RECORDED INFORMATION:
######

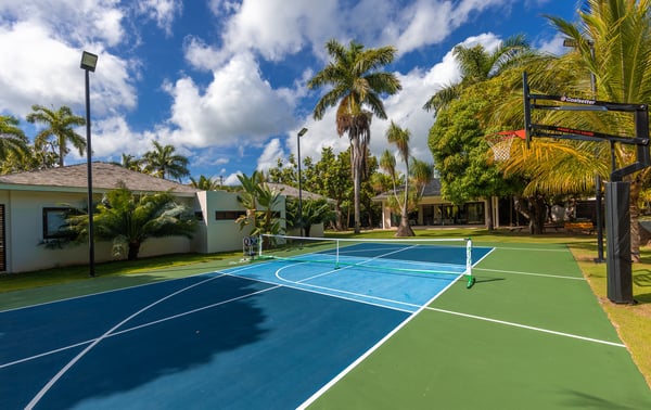 • Fully lit pickleball court, with half basketball court and court-side seating area on a deck
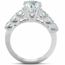This stunning womens ring features a 1ct round brilliant cut genuine enhanced diamond and six round accent diamonds. All the diamonds are set in solid 14k white gold.
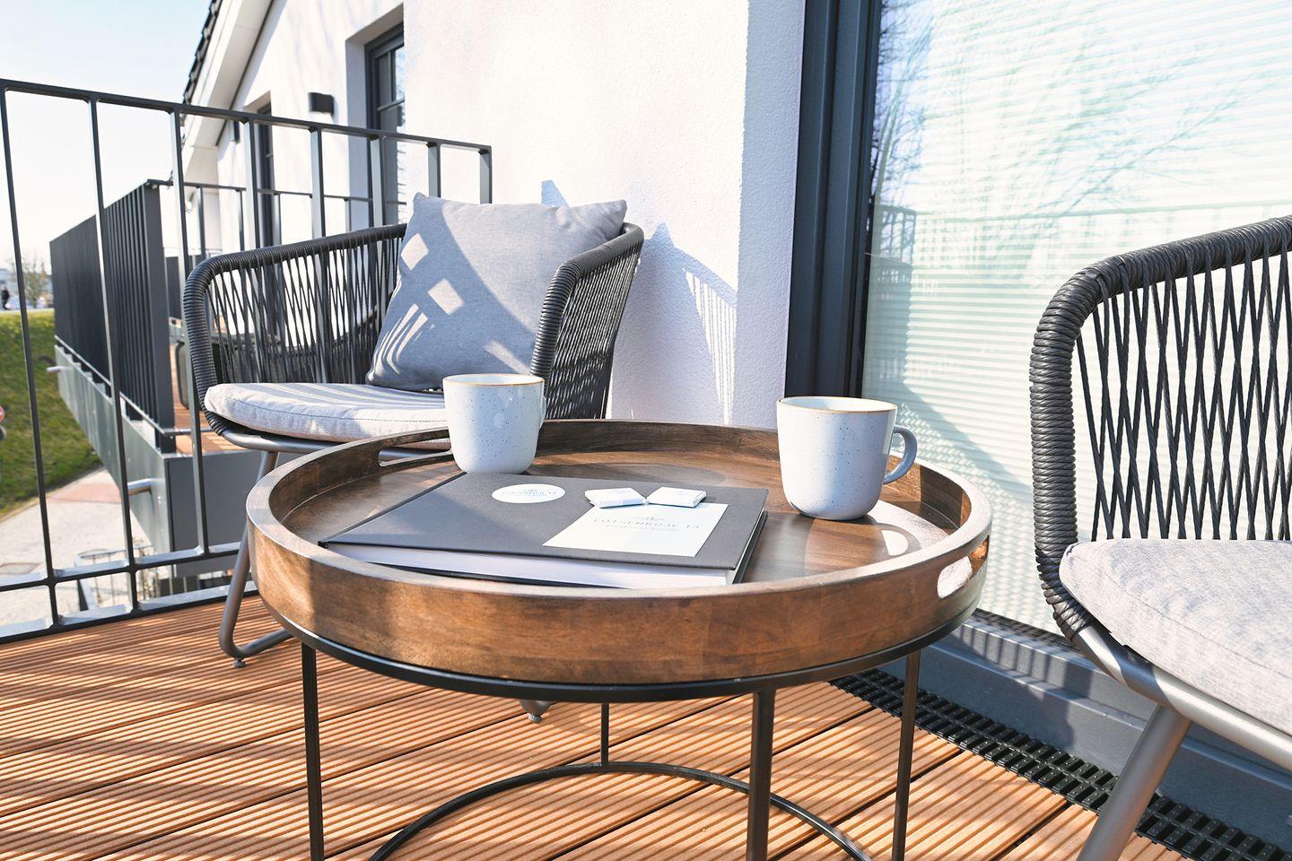 Verbringen Sie die sonnigen Stunden auf einen der beiden großzugig geschnittenen Balkonen. Begrüßen Sie die Sonne über den direkten Zugang vom Schlafzimmer auf den ersten Balkon. Der zweite bietet Ihnen direkten Hafenblick. Genießen Sie herrliche Stunden im Strandkorb direkt auf Ihrem Balkon.

######

WORK TASK:
What is needed is an exact copy of every line from the one with "This stunning womens" to the end of the listing above, with the pictures left out.

RESPONSE FOR THIS EXERCISE:
This stunning womens ring features a 1ct round brilliant cut genuine enhanced diamond and six round accent diamonds. All the diamonds are set in solid 14k white gold.
 Verbringen Sie die sonnigen Stunden auf einen der beiden großzugig geschnittenen Balkonen. Begrüßen Sie die Sonne über den direkten Zugang vom Schlafzimmer auf den ersten Balkon. Der zweite bietet Ihnen direkten Hafenblick. Genießen Sie herrliche Stunden im Strandkorb direkt auf Ihrem Balkon.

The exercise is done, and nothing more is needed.